Зазыба хотя и сознательно задал свой вопрос, однако неприязни к человеку пока не чувствовал. Дело в том, что он не поверил учителю, не поверил в то, что немцы взяли вот так просто, да и отпустили его из лагеря военнопленных. На чем была основана эта вера в обратное, сказать трудно, может, только на прежней симпатии, потому что для Зазыбы этого обычно хватало, чтобы не бросаться в крайности и не менять круто мнение о человеке даже тогда, когда тот, казалось бы, и давал для этого повод. С другой стороны, молчание, внезапная тревога, в которую привел учителя Зазыбов вопрос, тоже свидетельствовали в пользу последнего. Скорей всего, учитель решил отвечать так всем, кто спросит у него, тут был для него некий определенный резон, а Зазыба вдруг легко и неожиданно разрушил логику его «легенды». В самом деле, почему только тебя одного отпустили, почему Бутрима не удостоился от оккупантов такой чести?
От внутреннего напряжения у Мурача возле уха билась жилка, словно пыталось пробиться клювом из-под кожи маленькое живое существо…
Никто Мурача не выпускал из того Зёрновского лагеря, что рядом с городом Середина-Буда. Он сбежал. Но кому теперь откроешься, ведь сразу может дойти до немцев и тем недолго арестовать его и снова упрятать за колючую проволоку.
В плену Мурач пробыл всего двенадцать дней.
Новую колонну, в которой был и он, немцы пригнали на железнодорожную станцию Зёрново под вечер. Но перед тем, как пустить пленных в лагерь, наладили киносъемку. Сперва оккупанты усилили конвой — по обе стороны колонны встали дюжие автоматчики, соскочившие с двух крытых грузовиков, что стояли неподалеку от ворот лагеря. На третий грузовик, в кузове которого сверкал линзами киноаппарат, залез, поставив ногу на металлическую приступку, офицер.
— Теперь будем раздавать вам хлеб! — сказал он по-русски, картавя.
Два других немца, что сидели на боковой скамье, вскочили и стали примериваться к киноаппарату, а третий и вправду достал откуда-то из-под ног у себя буханку хлеба.
Признаться, пленные на минуту поверили в это. Думали, одно дело в дороге, там даже если и хотели бы, то вряд ли накормили бы столько народу. А тут лагерь. Не иначе — при нем работает уже кухня. Может, даже пекарня… Словом, голодным и обессиленным за дорогу пленным на мгновение показалось, что муки наконец кончились, по крайней мере, хоть голодать не придется, раз оказались на месте.
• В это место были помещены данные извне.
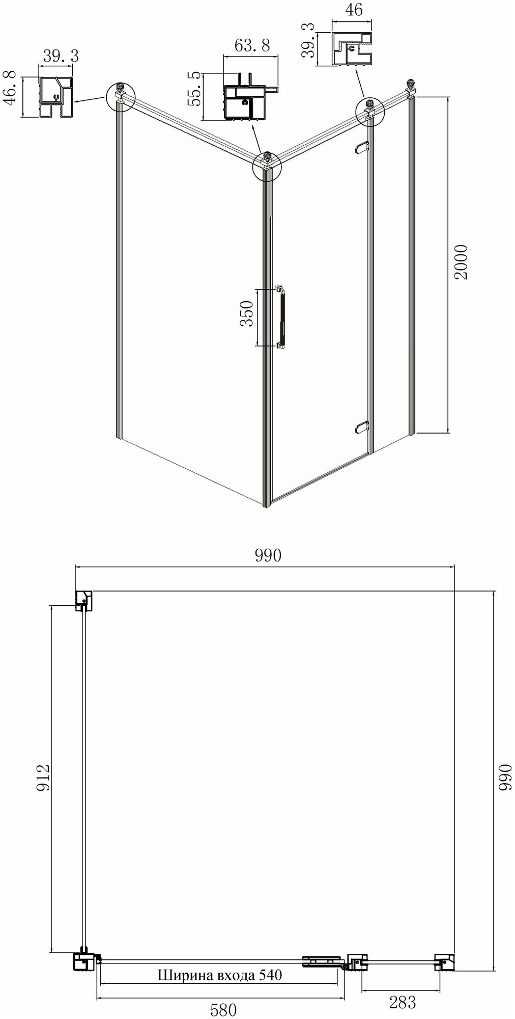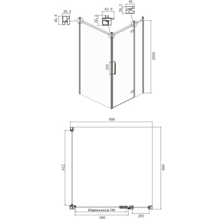 Душевой уголок Black&White Stellar Wind S101 800х800

На киноаппарат мало кто обратил внимание, ведь в кузове мог стоять просто какой-нибудь прибор, например, артиллерийская буссоль, а тем более никто не подумал, что эта раздача хлеба придумана немцами специально, чтобы снять ее на пленку и потом показывать в какой-нибудь хронике в кинематографах рейха.
Рядом с Мурачем стоял колхозник из Сибири Петро Самутин. Прежде он жил в Белоруссии, где-то возле Пухович, а в двадцатом году, перед польским наступлением, подался с младшим братом и матерью в Сибирь к дядьке, который переехал туда еще задолго до революции. Так этот сибирский бело-рус всю дорогу почему-то успокаивал Мурача. Казалось, его не смущали даже те издевательства, которые учиняли конвоиры над пленными, а временами и просто случаи дикой расправы: как только оголодавший пленный делал запрещенный шаг от дороги, чтобы ухватить на огороде кочан капусты или свеклу, ему вслед гремел выстрел; отставал кто-нибудь, теряя силы, на недозволенные несколько шагов от колонны, снова слышался выстрел.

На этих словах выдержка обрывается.